INTELLECTUAL PROPERTY: The sweet smell of succession

At the end of January, Cornerstone Real Estate Advisers, the Hartford, Connecticut-based real estate investment platform of Massachusetts Mutual Life Insurance, named Scott Brown as its new president. Brown, who previously served as head of Americas at CBRE Global Multi Manager, is taking over the role from David Reilly, who will remain at Cornerstone as chief executive officer.

While it may seem that the news was nothing more than a high-profile hire, Reilly’s statement about the appointment was more telling. “After careful consideration and an extensive succession planning process, Cornerstone is delighted to have attracted a candidate of the caliber and experience of Scott to help us continue our growth, both domestically and globally,” he said. 

And Cornerstone isn’t alone. One week earlier, Lone Star Funds promoted André Collin to the newly created role of president, where he will be responsible for the firm’s global operations. As a result of the new post, the Dallas-based firm will be expanding its investment committee, as well as the key-man provision in its partnership agreement, to include Collin.

Although it declined to confirm whether succession planning was at the heart of introducing the new role, Lone Star has come under scrutiny lately with regard to the lack of an apparent successor for founder John Grayken. Indeed, one of its most loyal investors, the Oregon Public Employees’ Retirement Fund, indicated as much at a board meeting last May.

“I want to have a succession strategy in place,” said Oregon State Treasurer Ted Wheeler at the board meeting. “That’s important to me.” 

Even the Wall Street Journal recently made a point to highlight succession planning in the industry. The paper pointed to The Blackstone Group – which has global real estate head Jonathan Gray in line to succeed president Hamilton ‘Tony’ James and, ultimately, Stephen Schwarzman himself – as an example of a good approach to the issue of succession.

For most firms founded in the late 1990s or later, however, the topic of succession planning only recently has moved to the forefront of CEO and LP agendas alike. With many of the founders of these firms currently in their late 50s and early 60s, the question becomes who will run their investment empires in the years ahead.
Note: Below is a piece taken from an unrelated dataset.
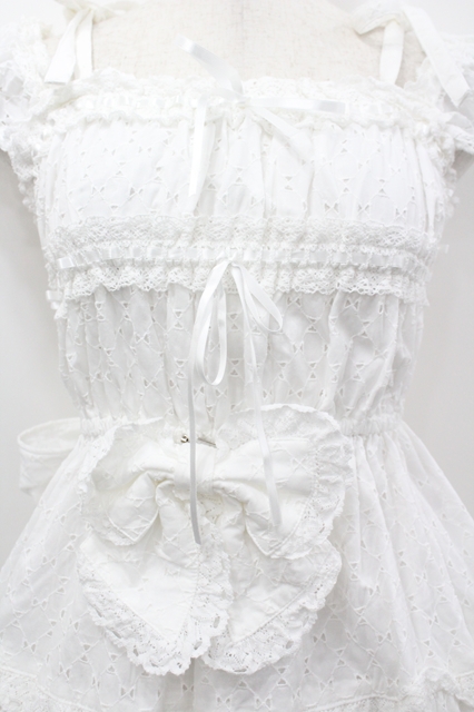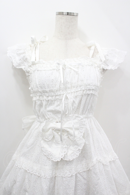 BABY,THE STARS SHINE BRIGHT / Innocent Ribbon Lace シャーリングジャンパースカート 白 I-26-04-12-037-BA-OP-SA-ZI

LPs are not blind to a firm’s succession needs. Whether it is a founder’s impending retirement or the departure of a key portfolio manager, leadership changes can create systemic risk. The inability to find stability through the transition can be a firm’s death knell – triggering redemptions and/or severely limiting the success of subsequent fundraises.

Some founders and senior managers maintain that they have not had the time or inclination to think about succession planning at their firm, while others focus more narrowly on replacement planning, which consists simply of finding and preparing backup candidates for specific senior management positions. Some believe that the next generation of employees will continue to run the business regardless of whether this is consistent with their individual career goals or needs, and still others argue that, in spite of their advancing ages, they are not going anywhere. As a result, there still are a number of firms with a fair amount of work to do in this area, particularly some of the more entrepreneurial firms led by strong personalities. 
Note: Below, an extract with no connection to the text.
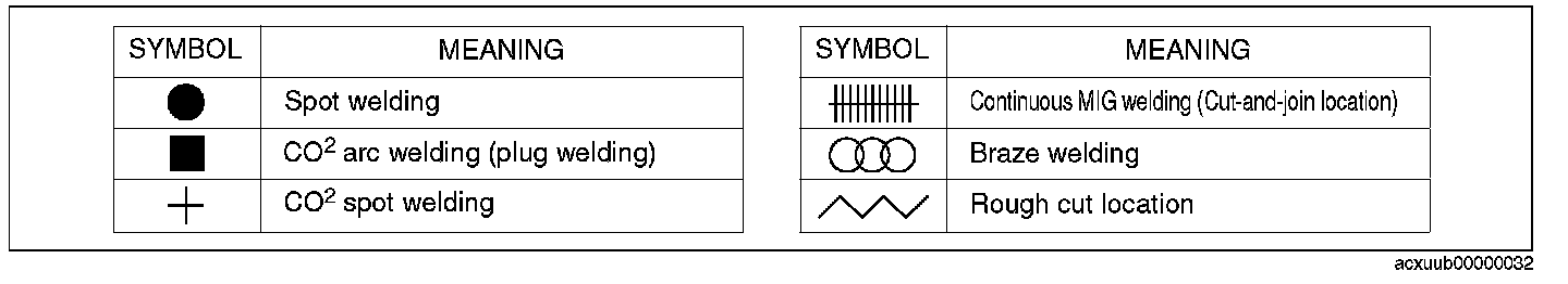 The 6 symbols are used to indicate the type of weld that is used when replacing body panels.

Whatever their reasoning, these leaders should realize that succession planning is important for showing investors that their general partnerships are durable and adaptable entities worthy of long-term relationships. For sure, robust succession planning is one box ticked in being a strong fiduciary. In fact, a GP arguably could breach its fiduciary duty of care, a significant component of which is the obligation to act in the best interests of the fund, should it not have a succession plan in place. The inability to maintain stability through an orderly transition of leadership can even precipitate a firm’s demise, triggering redemptions and/or severely limiting the success of subsequent fundraisings.
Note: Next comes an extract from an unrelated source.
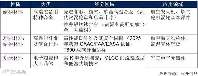 新材料技术是军事高科技领域的六大技术(信息技术、新材料技术、航天技术、新能源技术、生物技术和海洋技术)之一,同时也是军民两用性适用度最高、发展活力最活跃的领域之一。我国军工武器装备目前正在高精尖化、智能化和信息化角度推进,新材料未来在国防领域的需求越来越大。而同时民用领域高新技术产品也需要在重量、功耗方面具有更高的市场需求,因此新材料技术的演进对于军民融合而言不啻为一个活跃领域。而从材料用途上划分,新材料可以被划分为结构材料和功能材料两类,结构材料具有良好的力学性能,主要用于武器装备的结构零部件。而功能材料是指具有良好的声光电热磁特性的材料,主要用于武器装备方面的隐身、抗热磁、降噪和抗腐蚀等领域。

Speaking of fundraising, succession plans often are tested in due diligence reviews by prospective investors. Key-man provisions in the fund agreement are designed to impose a procedure that will protect the fund and its investors should the named person cease to be actively involved in the fund. It is a pre-ordained process for succession that comprises just one component of the GP’s overall succession plan. Having a key-person provision by itself, however, should not be viewed as sufficient – even at a minimal level – to satisfy the GP’s duty of care to the fund.

Investors nowadays are spending more time reviewing the robustness and durability of the firms managing their money, and succession planning is a key component of that review. While some investors are voting with their wallets, most LPs probably do not have enough influence to advance their desire for better succession planning. Perhaps Oregon’s influence on Lone Star is more the exception than the rule. Nonetheless, it is up to the GP to think of its future and do the right thing.